Show the model one example per class before the real input. This locks in the label vocabulary and prevents invented categories.

Classify the sentiment of each customer review as Positive, Negative, or Neutral. Example 1: Review: "This product exceeded my expectations. Fast shipping, great quality." Sentiment: Positive Example 2: Review: "Arrived broken. Packaging was a mess. Complete waste of money." Sentiment: Negative Example 3: Review: "It does what it says. Nothing special, but no complaints either." Sentiment: Neutral Now classify: Review: "The interface is intuitive but the mobile app keeps crashing on iOS 17." Sentiment:
Model output →
Negative
💡 One example per class anchors the label space. The model can't invent "Mixed" or "Frustrated" — it mirrors your exact vocabulary.

JSON Data Extraction (2-shot)

Two examples teach the exact schema. The model learns field names, types, null handling, and the no-preamble output rule from demonstration rather than instruction alone.
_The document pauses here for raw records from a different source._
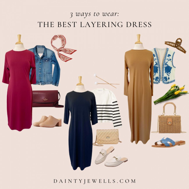 A modest layering dress can be styled so many ways. Pair with a denim jacket and mules for an early fall style. A cardigan or sweater over the shoulders gives a fancy look to this basic dress. Style a maxi-length layering dress with a cropped, embroidered vest and sandals for a boho, summer feel.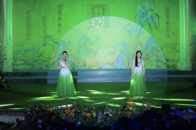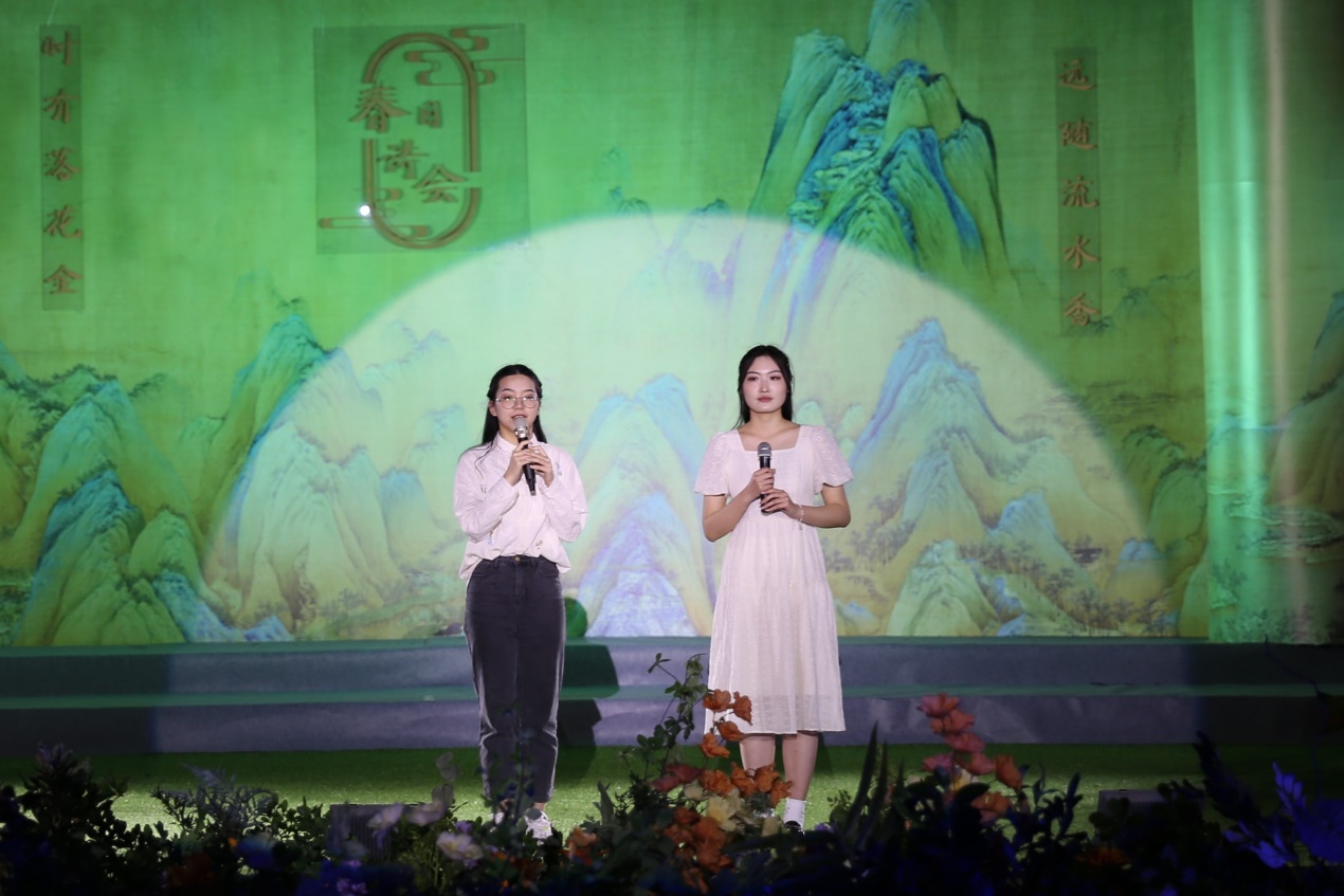 文学院的同学朗诵《春夜喜雨》《早春呈水部张十八员外》《渔歌子》《定风波》,迎接春意,动人心扉。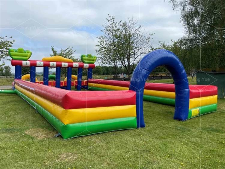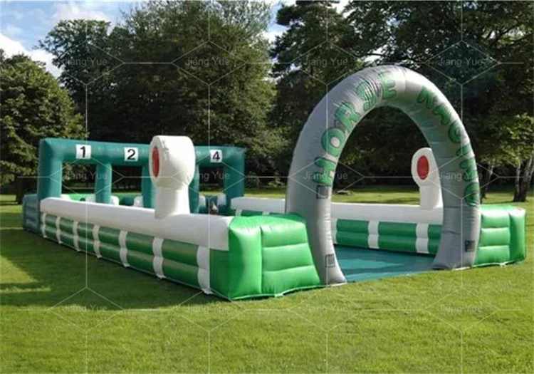Alright horse fans, it’s race day! Jiang Yue-Inflatables is starting a new tradition of horse races with this fun, competitive bouncy horse racecourse track. It most definately is an awesome addition to have!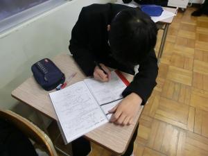 自学タイムの様子です。受験も近づいてきた3年生。授業中に集中して臨む生徒がほとんどです。この自学タイムでも、左ページの今日の振り返りが終わると、右側の自学ページに、黙々と問題を解いたり、まとめたりしています。とても落ち着いた、さすが3年生(受験生)といった雰囲気でした。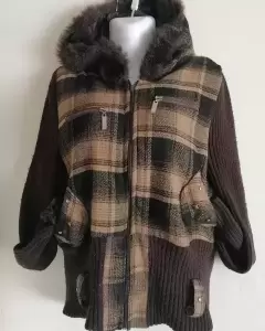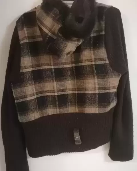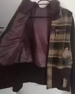 Chamarra cuadriculada cafe, queda perfecta con unos jeans, tiene gorro, tiene forro.Las mangas se estiran si tienes los brazos anchosTalla: MMedidas: *De axila a axila 48 cm*Largo desde los hombros 58 cm.Cupón: JanMoPBn0H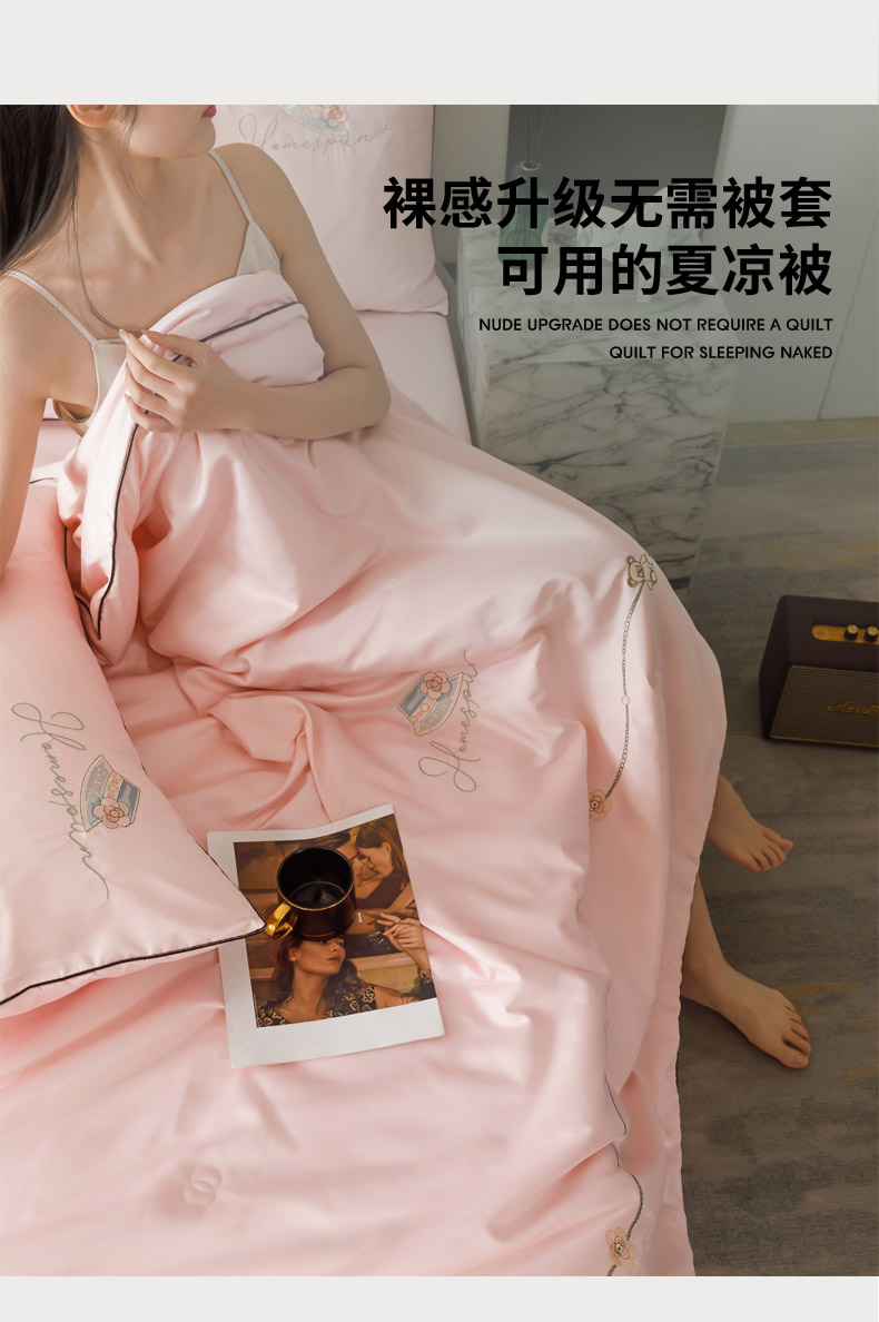 绒世界 2026新款刺绣水洗真丝夏被四件套公主日记系列-风格一 公主日记-樱花粉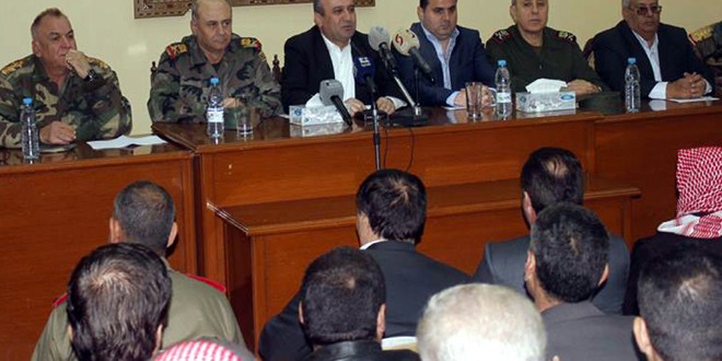 وأكد محافظ ريف دمشق أن الالتحاق بخدمة العلم واجب وطني للدفاع عن أرض الوطن ومحاربة الإرهاب التكفيري الذي يستهدف سورية.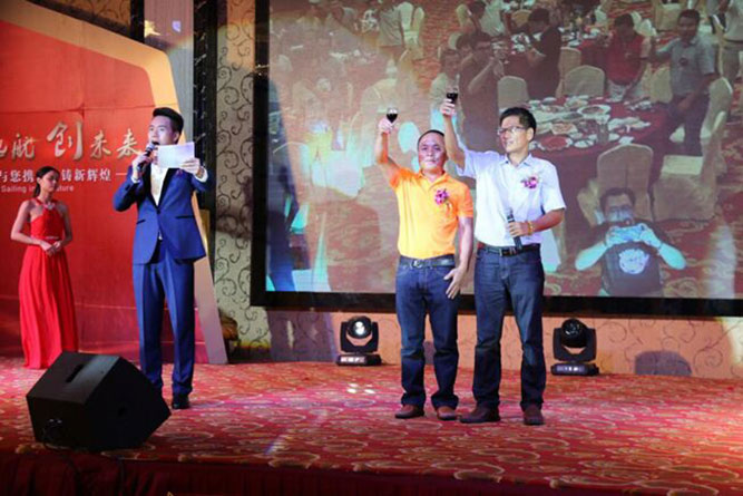 相信对于在场的众多康派经销商来说,他们需要的不仅是激动人心的鼓舞,更需要实实在在的支持,康派便将这点很好的落到实处。现场直接展示的优惠政策套餐,让众多经销商直接续签满满!在陈总和黄总的一同上台的祝酒下,大家举起酒杯,表达心中感恩与欢畅。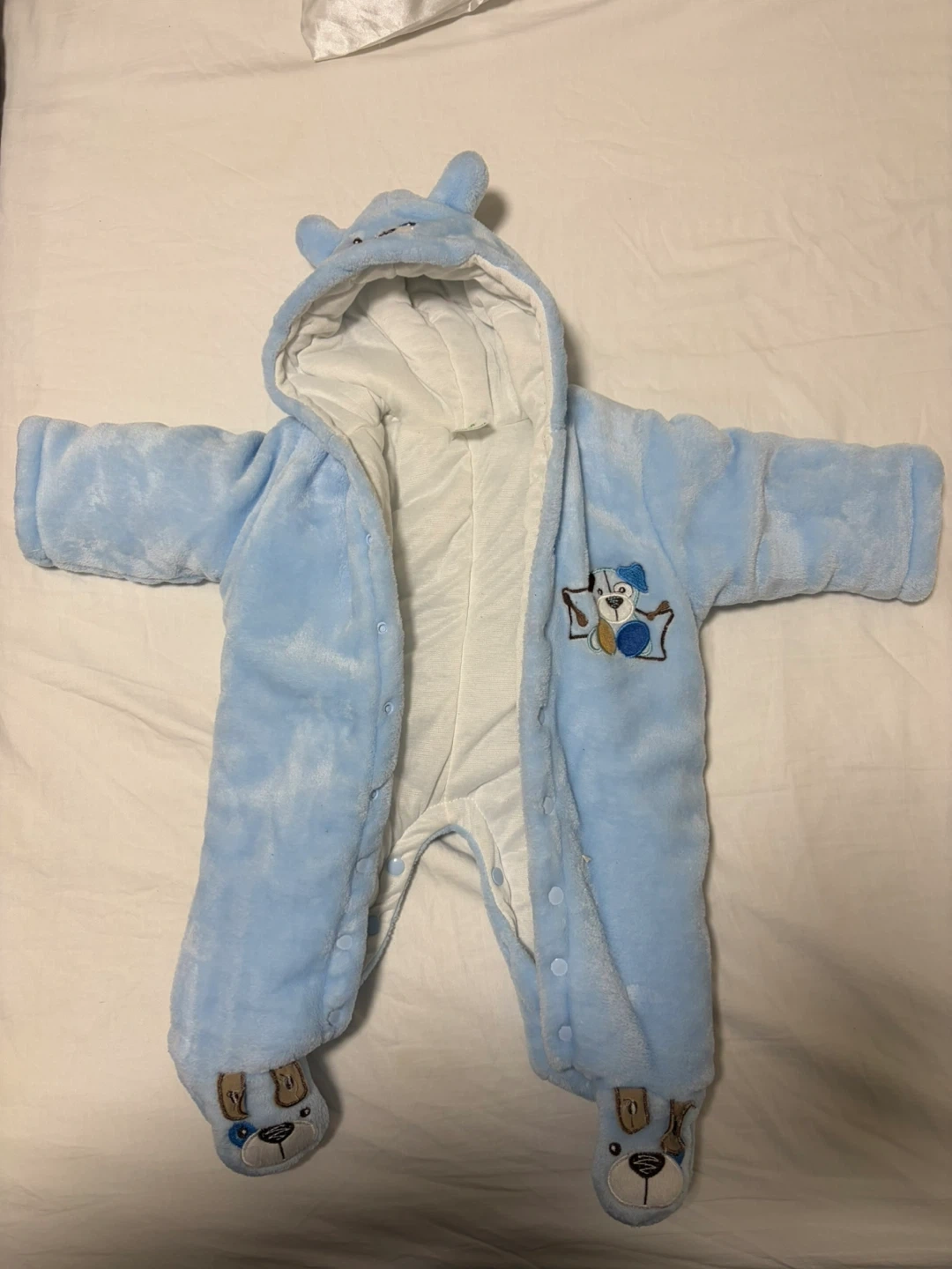 This adorable blue snowsuit is perfect for keeping your little one warm. It features a cozy hood with bear ears and built-in footies. Soft fleece material.

Extract structured data from each job posting. Return only valid JSON. Example 1: Posting: "Senior React Developer at Acme Corp. 5+ years required. $120k–$160k. Remote OK. Apply by June 1." Output: {"title":"Senior React Developer","company":"Acme Corp","min_years":5,"salary_min":120000,"salary_max":160000,"remote":true,"deadline":"June 1"} Example 2: Posting: "Part-time Data Analyst. No remote. Chicago office. $45/hr. No deadline mentioned." Output: {"title":"Part-time Data Analyst","company":null,"min_years":null,"salary_min":null,"salary_max":null,"remote":false,"deadline":null} Now extract: Posting: "Staff ML Engineer at DeepCo. 8+ years exp. $200k–$250k + equity. Hybrid (NYC). Rolling applications." Output:
Model output →
{"title":"Staff ML Engineer","company":"DeepCo","min_years":8,"salary_min":200000,"salary_max":250000,"remote":false,"deadline":null}
💡 Example 2 is critical — it teaches null handling for missing fields. Without it, models hallucinate plausible values instead of returning null.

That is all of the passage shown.